— Да, — сказала она. — Я знаю, что ты не позволишь этому случиться, Эдмунд. Давай вернемся к гостям: им может показаться странным, что хозяин с хозяйкой так долго отсутствуют.


Шарль д'Ориак следил за каждым их шагом. План был давно разработан, но привести его в действие можно было только после отъезда в Англию Гая де Жерве. А пока Шарль не упускал ни одного удобного случая, чтобы понаблюдать за этим, как он считал, любовным треугольником. На закате, перед вечерней, наконец он увидел младенца — дочь Эдмунда де Бресса.

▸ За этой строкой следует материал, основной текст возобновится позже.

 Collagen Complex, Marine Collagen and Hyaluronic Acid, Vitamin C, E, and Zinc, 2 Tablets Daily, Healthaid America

Леди де Бресс в компании гостей гуляла по фруктовому саду; расположившись в розарии, менестрели исполняли свои песни, и день незаметно перешел в вечер. Магдален несла на руках ребенка, и по ходу прогулки, отвлекшись от разговора, улыбнулась проснувшейся девочке, серые глаза которой с безмятежным интересом изучали мать.

— Ваша дочь, миледи?

Магдален чуть не подпрыгнула от этого замечания д'Ориака, и руки ее инстинктивно сжались, чтобы защитить ребенка, который, испугавшись, раскрыл ротик и начал громко голосить.

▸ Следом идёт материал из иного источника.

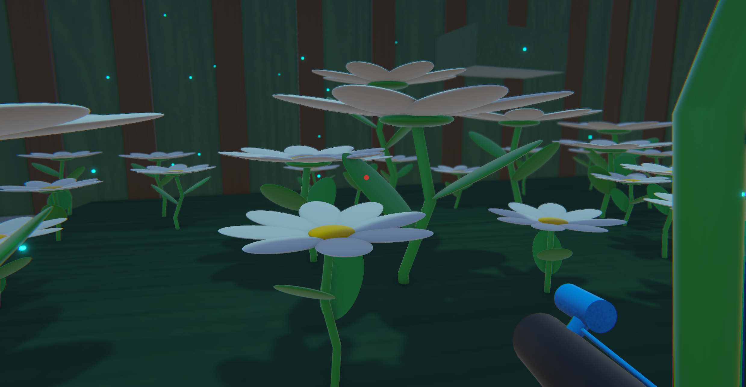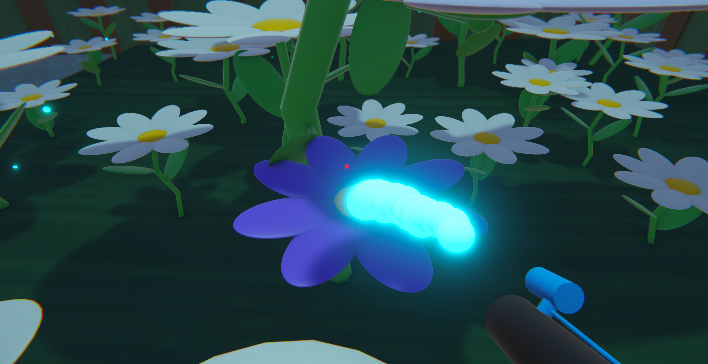Bloomie is a short 3D first person game where you shoot seeds that blooms into flowers. You also have a water gun which makes the flowers grow bigger. You can shoot the seeds on most surfaces and the flowers will grow out of them so that you can jump on them! The objective is to reach the glowing artifact on the biggest flower. I didn't have enough time to do more, but hope it's enjoyable nonetheless!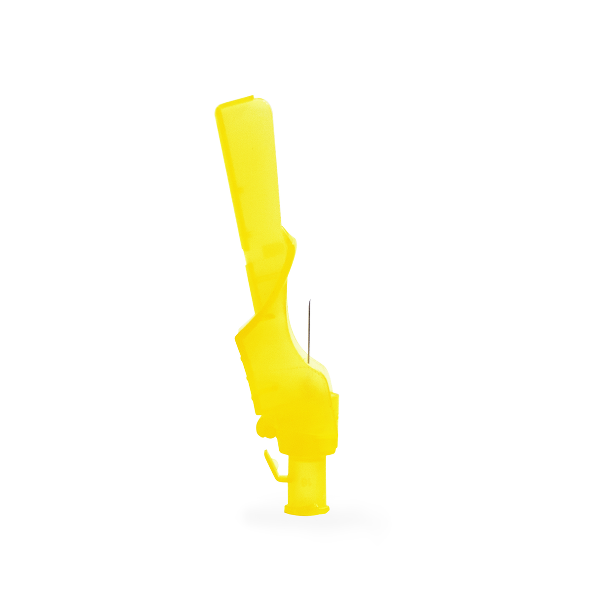 The Sol-Guard® Safety Needle is designed with an intuitive safety shield mechanism that encapsulates the needle after injection to help prevent needlestick injuries. Its protective arm can be easily activated with one hand, while color-coded components provide clear gauge identification for clinical efficiency.
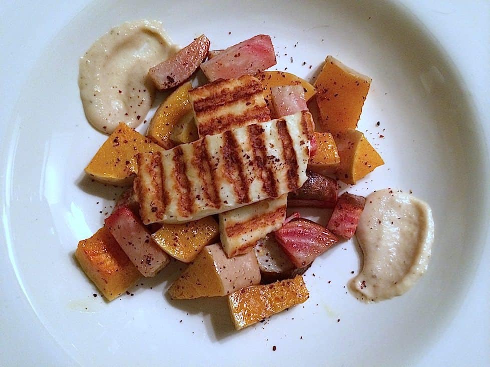 De chioggia bieten heb ik gebruikt om samen met pompoen te roosteren en die serveerde ik met gegrilde halloumi.

— Тише, голубка моя, — прошептала Магдален, нежно покачивая дитя. Аврора умолкла и не мигая уставилась на сьёра д'Ориака.

— Красивое дитя, — заметил он. — А главное — волосы очень редкого цвета.

Он улыбнулся и искоса взглянул на Гая де Жерве, беседовавшего с гостями, но тоже не упускавшего из вида кузена и Магдален. Волосы Гая прямо-таки пылали в лучах заходящего солнца.

Похолодев и еле удержавшись на ногах, Магдален проследила направление взгляда д'Ориака. Рядом с Гаем стоял Эдмунд — с волосами черными, как вороново крыло.

Неожиданно для самой себя Магдален метнулась к этим двум мужчинам, ни о чем не успев подумать, но инстинктивно ища защиты для себя и для ребенка, в котором оба они души не чаяли.

— Милорды, вам не кажется, что Аврора растет не по дням, а по часам? — и она протянула им ребенка.

Гай тут же заметил, что Магдален в панике, хотя не слышал, что сказал ей д'Ориак. Он подхватил девочку на руки, и тут же почувствовал, как Магдален вздохнула с облегчением: казалось, теперь, когда ребенок в его руках, она ощутила себя в полной безопасности.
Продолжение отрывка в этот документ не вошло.